Signatures on parents are not nested within those credentials themselves. Instead, all signatures must be concatenated into the list in the outermost child credential.

A concrete example of a delegated credential is available, along with instructions on how to use the ProtoGENI tools to create one.

Validating credentials

The following procedure should be followed before accepting any credential as proof of corresponding privileges. Naturally, all credentials must be syntactically correct (and validate against the credential schema); the following requirements describe restrictions which are necessary for semantic correctness as well.

For any credential to be honoured, the current time must be no later than that specified in the expires element of the credential. When issuing subsequent credentials under the authority conferred by an existing credential (e.g. when a slice credential has been presented to authenticate the issuing of a corresponding sliver credential), the expires element time of the consequent credential must be no later than the expires element time of the existing credential.

Validating the root

Any simple credential (one with no ancestors), including the ultimate root credential which is contained in delegated credentials, must be signed by a ProtoGENI authority whose certificate subject matches the authority in the target URN. (This certificate will be included in a signature element, according to standard XML Signature processing. Other certificates might also be enclosed, since it is necessary to verify CA certificates up to one of the ultimately trusted roots.)

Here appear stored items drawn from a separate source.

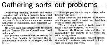 Overflowing camping grounds and traffic congestion will not be a problem before and after The Gathering dance party on Takaka Hill this year if a level of communication between authorities is maintained, said organiser Alison Green.
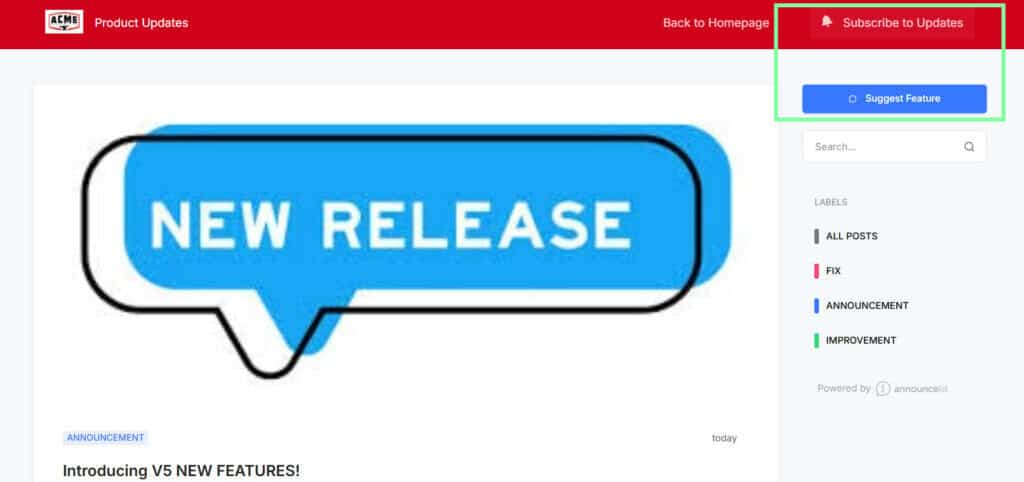 Like LaunchNotes, users can suggest features or subscribe to notifications directly on AnnounceKit’s announcements page.
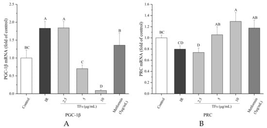 A previous study showed that oral administration of a purified theaflavin mixture (10 mg/kg BW) increased energy expenditure via induction of uncoupling proteins (UCP-1 and UCP-3) and PGC-1α in fasting mice [49]. However, it is not clear whether PGC-1s are involved in TFs-regulated mitochondrial function with fat stimuli. Considering the importance of PGC-1β and PRC for regulating lipid metabolism and mitochondrial biogenesis, their RNA expressions were determined in this work. Compared with IR HepG2 cells induced by PA, TFs could significantly decrease the PGC-1β RNA level and enhanced the PRC RNA expression (Figure 7). These results were similar with the previous report that H2S regulated liver mitochondrial biogenesis associated with downregulating the mRNA and protein levels of PGC-1β and upregulating the mRNA and protein levels of PRC in mouse hepatocytes [50]. According to our research results and the literature reports, TFs might promote mitochondrial biogenesis via modulation of PGC-1β and PRC in insulin-resistant hepatocytes induced by free fatty acids.

The certificate subject is considered to match the credential target if and only if:

  1. The subject URN in the authority's certificate has resource-type "authority".
  2. The toplevelauthority field in the authority's certificate subject URN is identical to the toplevelauthority in the credential target URN. RFC 3151 defines transcription and equivalence of public identifier URNs.

Validating any delegation

If the credential has been delegated, then each delegation must satisfy the following:

  1. The type field of the child must be identical to the type field of the parent.
  2. The expiry time on a child credential must be no later than the expiry time of the parent.
  3. The expiry time of the child must be no later than the current time.
  4. A valid signature over the child credential, signed by the principal identified in the owner element of the parent credential, must be present in the signatures element of the outermost credential.
  5. For credentials of type privilege:
    1. No privilege may be included in a child credential unless either a privilege with identical name or the privilege named "*" is present in the parent. In addition, the parent privilege must include the element <can_delegate>1</can_delegate>.

Validating subauthorities

Please note that Utah's ProtoGENI software does not yet support subauthorities. If a validator does not support subauthorities, it should reject any credential if either the authority certificate subject URN or the credential target URN contain one or more subauthority fields.

If the validator does process subauthorities, the following restrictions will apply:

  1. The number of subauthorities specified in the authority subject and the credential target must agree, and each subauthority field must match (just as the toplevelauthority must).
  2. Any authority certificate where the subject URN contains one or more subauthorities must have been signed by a CA such that the certificate issuer URN contains exactly the same toplevelauthority and subauthority fields as the certificate subject URN in exactly the same order, except that the very last subauthority in the certificate subject must not be present in the certificate issuer.